176. Year-End Inventory of Your Financial and Emotional Accounts | 年終銀行帳戶盤點,別忘了情感帳戶也需要整理
Musings of Dr. Jamie C. Hsu, 12.05.2025
It is near the end of the year. This is the time when we are often advised to take inventory of our financial status—the credit card balances, bank accounts, and investment portfolios. We are told to eliminate high-interest debts on our credit cards and put enough money into short-term market accounts to satisfy the requirements of our cash flow and emergency reserves. And because of the changing market conditions, we should rebalance our investment portfolios in bonds and stocks based on our risk tolerance.
While this year-end financial inventory and adjustments are important and commonplace, we often neglect an especially important account in our lives: the “emotional or relationship account.” It does not involve money but includes the emotions and feelings generated by our interactions with others. These accounts may not be visible and are not stored in the bank, but they are kept consciously or unconsciously in our memories.
Throughout our lives, we constantly interact with others, make impressions, and build relationships. Such interpersonal relationships either add to or subtract from the feelings we have for each other[1] . That is the invisible but important “emotional account” we need to manage.
We make deposits and withdrawals in these accounts every time we have interactions with each other. Positive interactions —acts of kindness, showing appreciation, offering support — are considered deposits that build trust and strengthen emotional connection. Negative interactions — criticism, breaking promises, neglecting others’ needs —are considered withdrawals that diminish the account balance. Good human behaviors and attitudes will help keep most of our accounts in the positive range.
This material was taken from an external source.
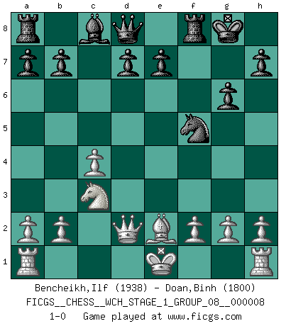 Last move : 1-0 2010 July 18 2:36:32 [Event "FICGS__CHESS__WCH_STAGE_1_GROUP_08__000008"] [Site "FICGS"] [Date "2010.07.02"] [Round "1"] [White "Bencheikh,Ilf"] [Black "Doan,Binh"] [Result "1-0"] [WhiteElo "1938"] [BlackElo "1800"] 1.e4 c5 2.Nf3 g6 3.d4 cxd4 4.Nxd4 Bg7 5.c4 Nc6 6.Be3 Nh6 7.Be2 O-O 8.Nc3 f5 9.exf5 Nxd4 10.Bxd4 Bxd4 11.Qxd4 Nxf5 12.Qd2 1-0 Sicilian : Hungarian variation Kingside Castling by player Black (move 7) Player White won this chess game. Follow this game move after move (download)The Pawns are the soul of the game. (Francois Andre Danican Philidor) Über Frauen: Chess is better. (Robert James Fischer) Los problemas de Ajedrez exigen del compositor las mismas virtudes que caracterizan todo el arte de valor: originalidad, invención, concisión, armonía, complejidad e insinceridad explendida. (Vladimir Nabokov) Il (Jacob Murray) ne joue pas pour le bon coup, mais pour le meilleur. (Eloi Relange) Control your own destiny or someone else will. (Jack Welch)
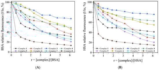 Serum albumin (SA) is among the most abundant proteins of the circulatory system, with many biological roles, such as the regulation of normal blood volume and osmotic pressure and the reversible binding and transportation of drugs and other bioactive small molecules. Therefore, studying the interaction between albumins (either HSA or its structural analog BSA) with bioactive compounds may contribute to revealing altered new mechanistic pathways or differentiated biological properties of these compounds upon their interaction with SAs [78]. Within this context, the interaction of complexes 1–8 with BSA and HSA was studied with fluorescence emission spectroscopy.

More importantly, we should examine closely the accounts we hold with the most important people in our lives; our family, our boss, and our close friends. For example, have you missed an important deadline at work and put the project in jeopardy? Did you say something to put down your child’s effort after they failed at something? Did you forget your wedding anniversary dinner engagement? Those are big withdrawals from your relationship accounts. But you have ways to deposit and replenish these accounts. Did you spend a week taking care of your ailing spouse? Did you work overtime to rescue a failing proposal? Did you have a special day out with your child?
Depending on the severity of the withdrawals and the value of the deposits, your accounts with these people may be full, half full, empty, or even in the red. It is time to do a mental check of these emotional accounts. Better yet, have a heart-to-heart discussion with the important people in your life and seek ways to have healthy emotional/relationship accounts, just like your well-managed financial accounts.


年終銀行帳戶盤點,別忘了情感帳戶也需要整理 (2025/12/05)
-作者 許俊宸博士
-中譯 薛乃綺
年關將近,又到了一年一度整理生活清單的時節。這時我們常被提醒要檢視自己的財務狀況:看看信用卡餘額是否失控、銀行帳戶是否足以應付日常與緊急需求,還要依照市場變化與風險承受度調整投資組合。這些例行的年末財務盤點,確實重要,也早已成為習慣。
但在忙著整理財務時,我們往往忽略了一個同樣重要,甚至更能影響生活品質的「帳戶」—那就是「情感帳戶」或「關係帳戶」。它跟金錢無關,卻與我們與他人之間的互動所累積的情緒、信任與連結息息相關。這些帳戶看不見、摸不著,不會出現在任何銀行系統裡,但都確實存在我們的心裡,不論是否刻意記得。
生活中,人與人之間的每一次接觸,都會留下印象,也悄悄影響著關係的走向。這些互動會替彼此的情感帳戶加分或扣分,我們在不自覺中,一直都在為這些帳戶「存款」或「提款」。例如:
- 一句關心、一次感謝、一個在意別人的舉動,就是情感存款,能累積信任。
- 一句不經意的批評、一個跳票的承諾、一次忽略他人需要,就成了情感提款,使帳戶餘額下降。
良好而真誠的態度,往往能幫助我們讓大部分的情感帳戶保持在正向的狀態。尤其值得注意的是,與生命中重要的人—家人、伴侶、主管、親密朋友之間的帳戶,更需要我們細緻地檢視。回想一下:
- 是否曾因錯過重要的工作期限而影響他人?
- 是否對孩子的努力做出過於嚴厲的評語?
- 是否忘記了一個重要的家庭約定?
這些都是「大筆提款」。但同樣地,我們也有能力在這些帳戶中重新存款:
- 曾經花時間細心照顧生病的家人?
- 曾努力補救一件棘手的專案?
- 或是安排了一段難得而專屬的親子時光?
提款與存款的多寡不同,這些帳戶可能是飽滿的、半滿的、偏低的,甚至亮起了提醒我們注意的紅燈。這正是整理心情、盤點情感帳戶的好時機。
如果可以,不妨找個合適的時刻,與生命中重要的人聊一聊,一起理解彼此的感受與期待,讓這些情感帳戶更加健康而有韌性。就像妥善管理財務能帶來踏實感,照顧好情感帳戶,也能讓生活更穩定、更有溫度。